ASSIGNED TASK
Begin at the line that has "Guanine is a", stop after the line that has "總理 沃倫·特拉斯,國家黨黨魁、副總理 |", and print exactly those lines from the records below, without any pictures.

DATA FOR THIS EXERCISE
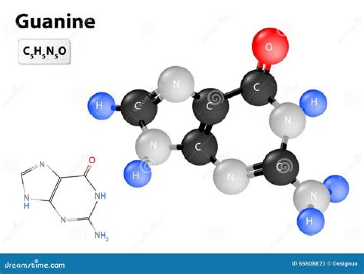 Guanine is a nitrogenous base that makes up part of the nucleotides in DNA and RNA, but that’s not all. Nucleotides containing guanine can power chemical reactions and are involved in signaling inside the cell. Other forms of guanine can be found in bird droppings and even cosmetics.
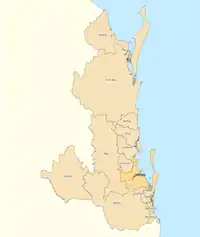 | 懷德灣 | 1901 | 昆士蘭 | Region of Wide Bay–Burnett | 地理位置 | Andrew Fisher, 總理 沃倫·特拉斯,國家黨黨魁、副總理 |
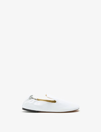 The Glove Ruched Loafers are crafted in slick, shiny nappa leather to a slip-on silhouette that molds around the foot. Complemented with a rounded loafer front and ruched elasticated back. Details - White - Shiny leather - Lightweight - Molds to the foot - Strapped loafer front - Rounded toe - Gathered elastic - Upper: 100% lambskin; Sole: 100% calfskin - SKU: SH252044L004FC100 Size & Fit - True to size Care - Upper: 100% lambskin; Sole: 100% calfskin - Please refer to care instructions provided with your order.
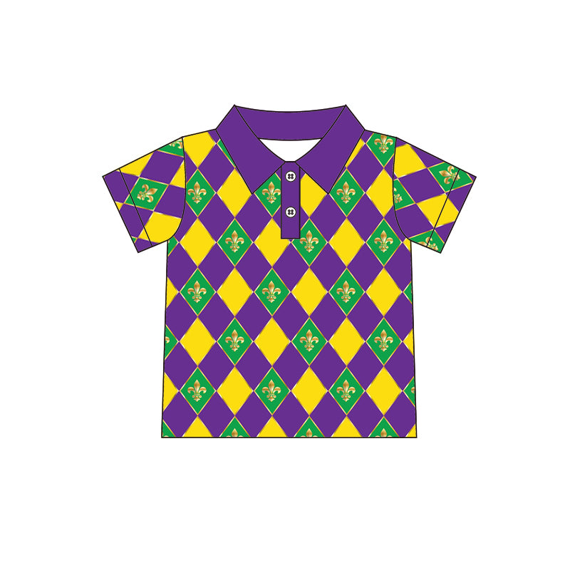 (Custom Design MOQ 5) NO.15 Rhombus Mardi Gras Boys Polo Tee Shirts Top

---

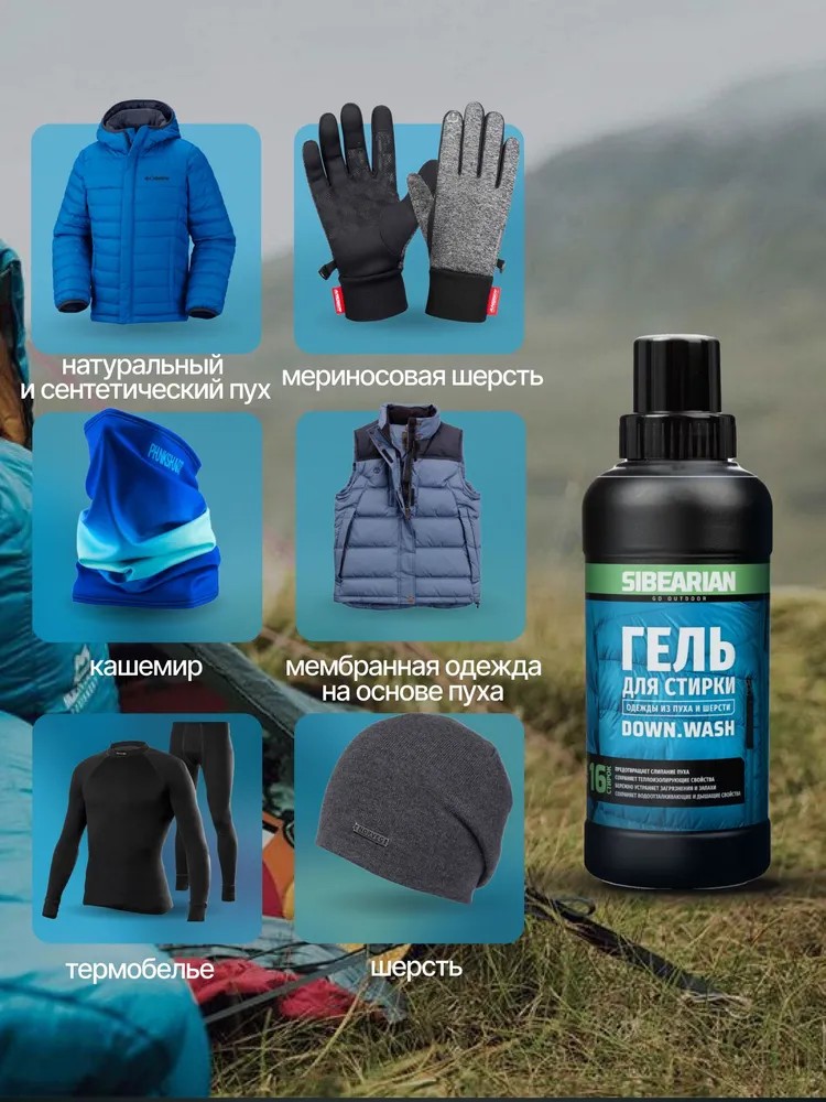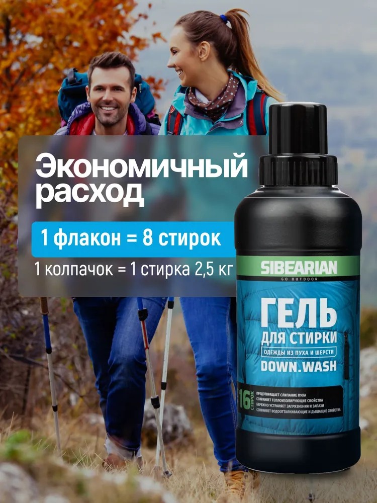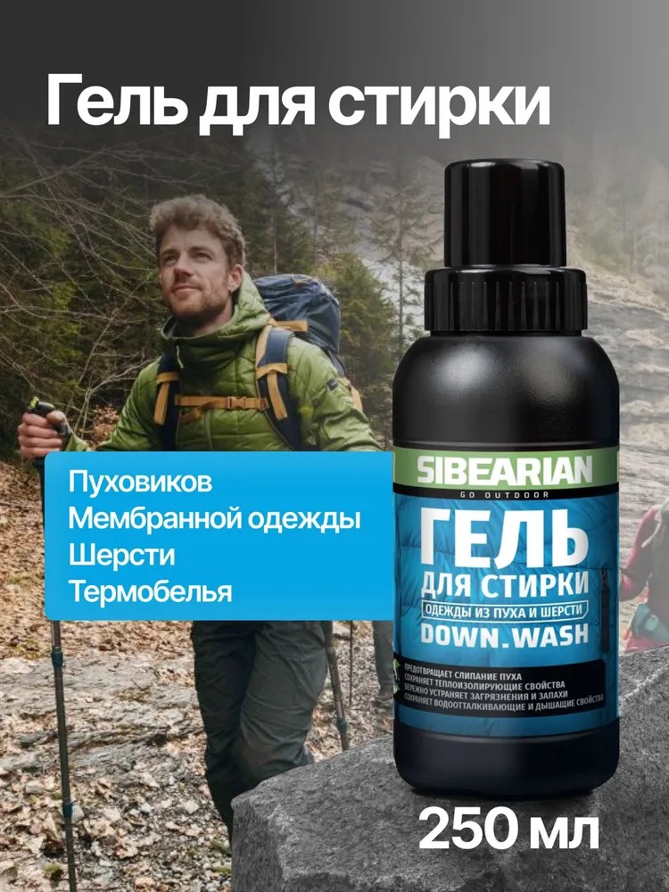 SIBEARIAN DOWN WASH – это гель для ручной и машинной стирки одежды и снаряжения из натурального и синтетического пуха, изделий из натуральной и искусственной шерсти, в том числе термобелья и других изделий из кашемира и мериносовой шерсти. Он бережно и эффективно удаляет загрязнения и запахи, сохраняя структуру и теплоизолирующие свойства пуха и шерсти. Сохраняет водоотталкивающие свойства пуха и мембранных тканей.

--

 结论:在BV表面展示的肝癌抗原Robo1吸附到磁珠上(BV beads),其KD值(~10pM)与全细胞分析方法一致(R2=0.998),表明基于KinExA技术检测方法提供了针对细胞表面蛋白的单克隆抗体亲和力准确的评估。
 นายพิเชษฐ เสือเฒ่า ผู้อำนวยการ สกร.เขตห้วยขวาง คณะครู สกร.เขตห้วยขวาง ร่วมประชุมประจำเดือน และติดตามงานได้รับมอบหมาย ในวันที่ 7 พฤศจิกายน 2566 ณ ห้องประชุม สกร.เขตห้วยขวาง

EXERCISE ANSWER
 Guanine is a nitrogenous base that makes up part of the nucleotides in DNA and RNA, but that’s not all. Nucleotides containing guanine can power chemical reactions and are involved in signaling inside the cell. Other forms of guanine can be found in bird droppings and even cosmetics.
 | 懷德灣 | 1901 | 昆士蘭 | Region of Wide Bay–Burnett | 地理位置 | Andrew Fisher, 總理 沃倫·特拉斯,國家黨黨魁、副總理 |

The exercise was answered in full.